**Task objective**.
Everything in the listing below needs restating exactly, apart from the pictures.

**Supplied material**.
+ + + + + + +

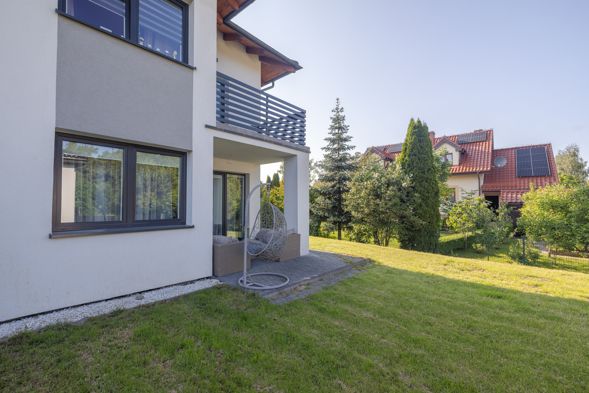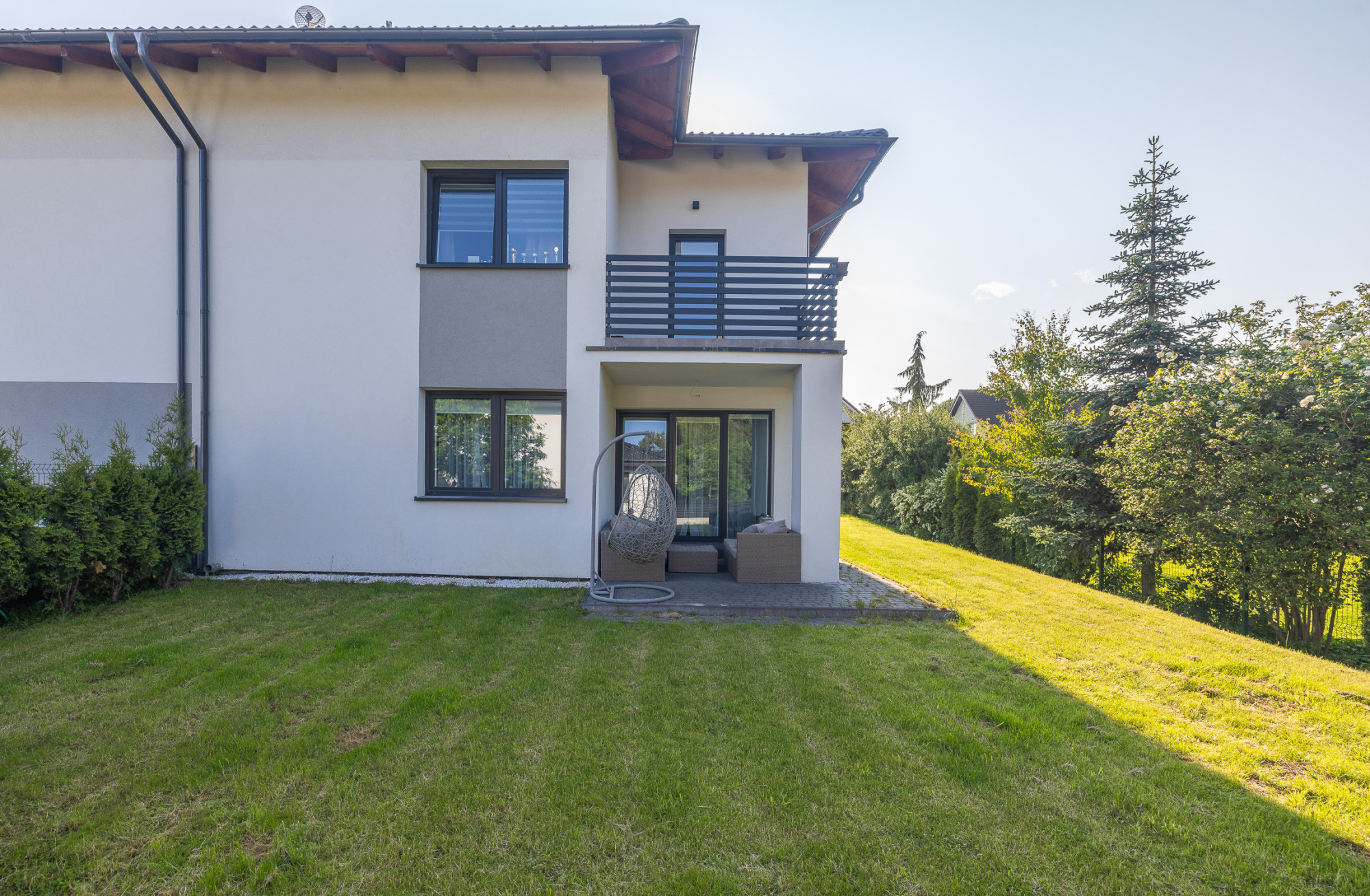 Przestronny, nowoczesny dom w zabudowie bliźniaczej o powierzchni użytkowej 167,10 m2 na dwóch piętrach, bez skosów. Dodatkowo ogromna przestrzeń do zaadoptowania na poddaszu. Budynek, wybudowany według projektu Willa Julia 9 (R) biura projektowego ARCHON z niewielką zmianą na parterze, wygospodarowano dodatkowy pokój który może służyć jako gabinet lub biuro. Budynek wzniesiony z betonu komórkowego Y-tong, ocieplony grafitowym styropianem o grubości 15 cm. Dach pokryty dachówką betonową w kolorze grafitowym.
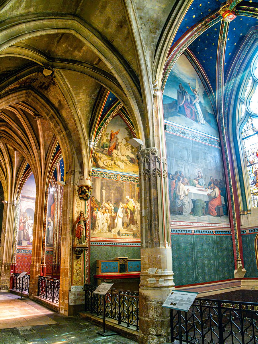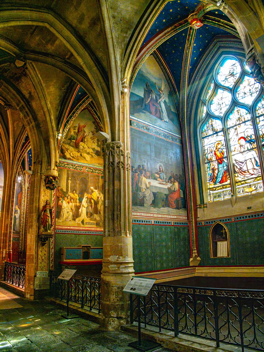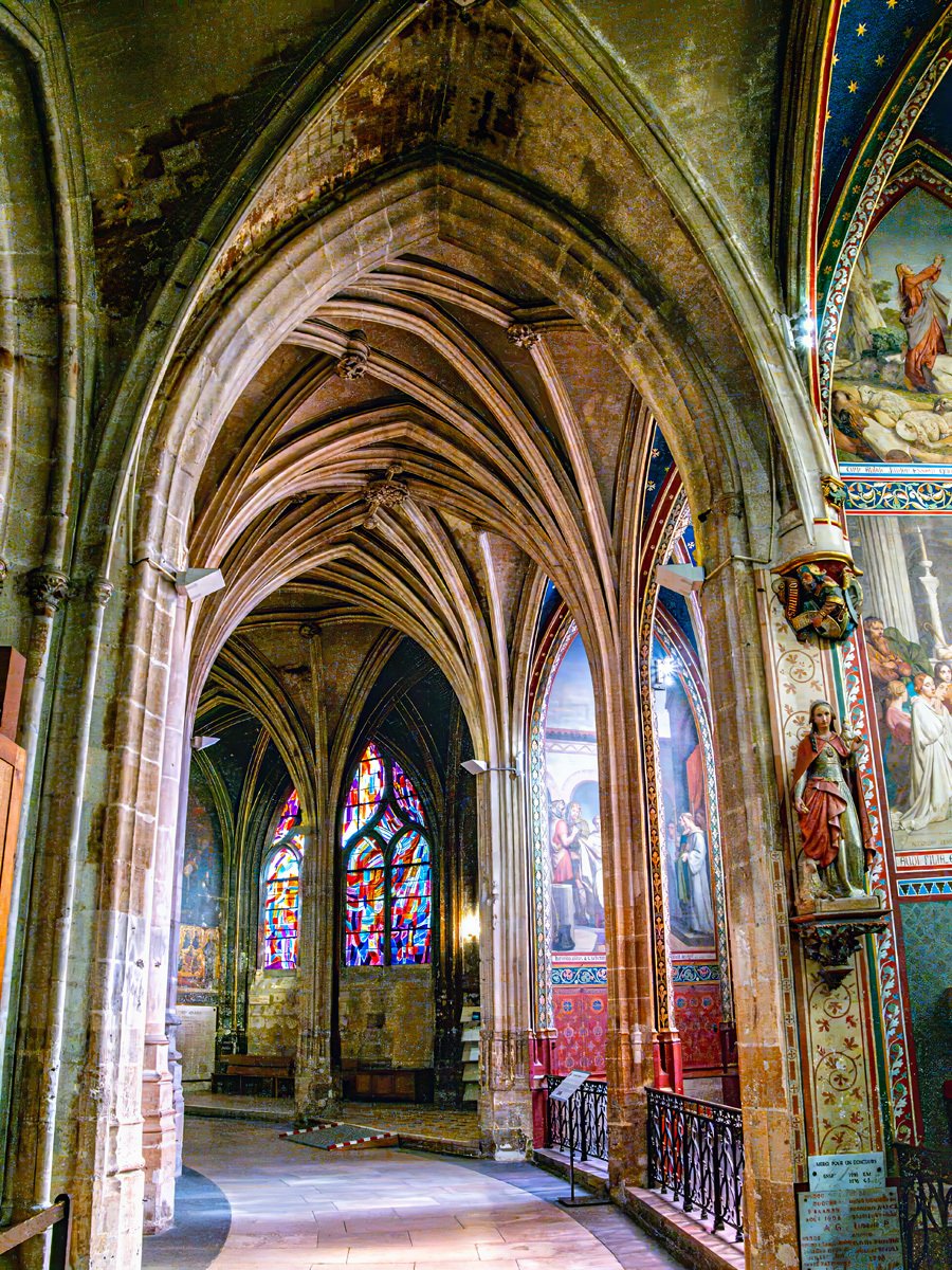 From there, we made our way to Saint-Séverin. Last time it had been closed to the public, but today we were lucky—though mass was still in progress when we arrived. We ducked out for an early lunch and returned just in time to see the interior. Wow! My persistence paid off. This Gothic church, dating back to the 13th century, is one of the oldest still-standing parish churches on the Left Bank. Its twisting columns, vibrant stained glass (including some modern windows by Jean Bazaine), and vaulted ceilings were simply stunning.
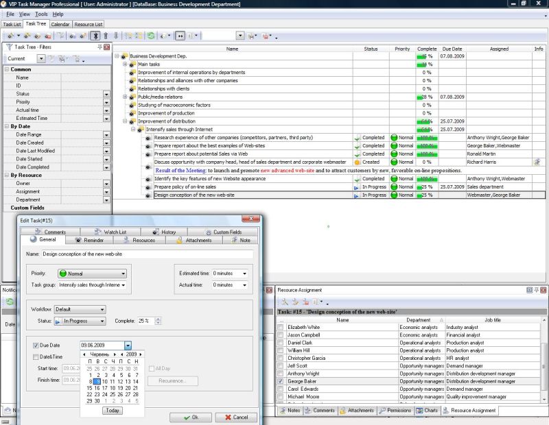 One of the functions of business development department is to give recommendations and consultations regarding questions of development of other departments and general company organization. For effective performance of this function good internal communications should be established. Analysts from business development department should be able to share and discuss documents, tasks and projects with specialists from other departments. VIP Task Manager allows sharing tasks, documents, communicating and sending tasks to external consultants.VIP Task Manager is a groupware that allows users to plan and control work of different departments and cross-department teams within one multi-workflow database |
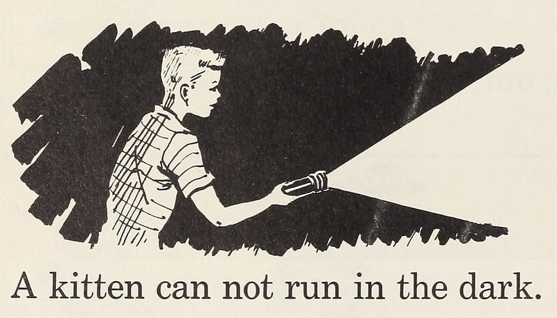 "A kitten cannot run in the dark."  From Practice for Up and Away by McKee, Harrison, McCowen & Lehr, 1957.

+ + + + + + +

**Exercise response**.
 Przestronny, nowoczesny dom w zabudowie bliźniaczej o powierzchni użytkowej 167,10 m2 na dwóch piętrach, bez skosów. Dodatkowo ogromna przestrzeń do zaadoptowania na poddaszu. Budynek, wybudowany według projektu Willa Julia 9 (R) biura projektowego ARCHON z niewielką zmianą na parterze, wygospodarowano dodatkowy pokój który może służyć jako gabinet lub biuro. Budynek wzniesiony z betonu komórkowego Y-tong, ocieplony grafitowym styropianem o grubości 15 cm. Dach pokryty dachówką betonową w kolorze grafitowym.
 From there, we made our way to Saint-Séverin. Last time it had been closed to the public, but today we were lucky—though mass was still in progress when we arrived. We ducked out for an early lunch and returned just in time to see the interior. Wow! My persistence paid off. This Gothic church, dating back to the 13th century, is one of the oldest still-standing parish churches on the Left Bank. Its twisting columns, vibrant stained glass (including some modern windows by Jean Bazaine), and vaulted ceilings were simply stunning.
 One of the functions of business development department is to give recommendations and consultations regarding questions of development of other departments and general company organization. For effective performance of this function good internal communications should be established. Analysts from business development department should be able to share and discuss documents, tasks and projects with specialists from other departments. VIP Task Manager allows sharing tasks, documents, communicating and sending tasks to external consultants.VIP Task Manager is a groupware that allows users to plan and control work of different departments and cross-department teams within one multi-workflow database |
 "A kitten cannot run in the dark."  From Practice for Up and Away by McKee, Harrison, McCowen & Lehr, 1957.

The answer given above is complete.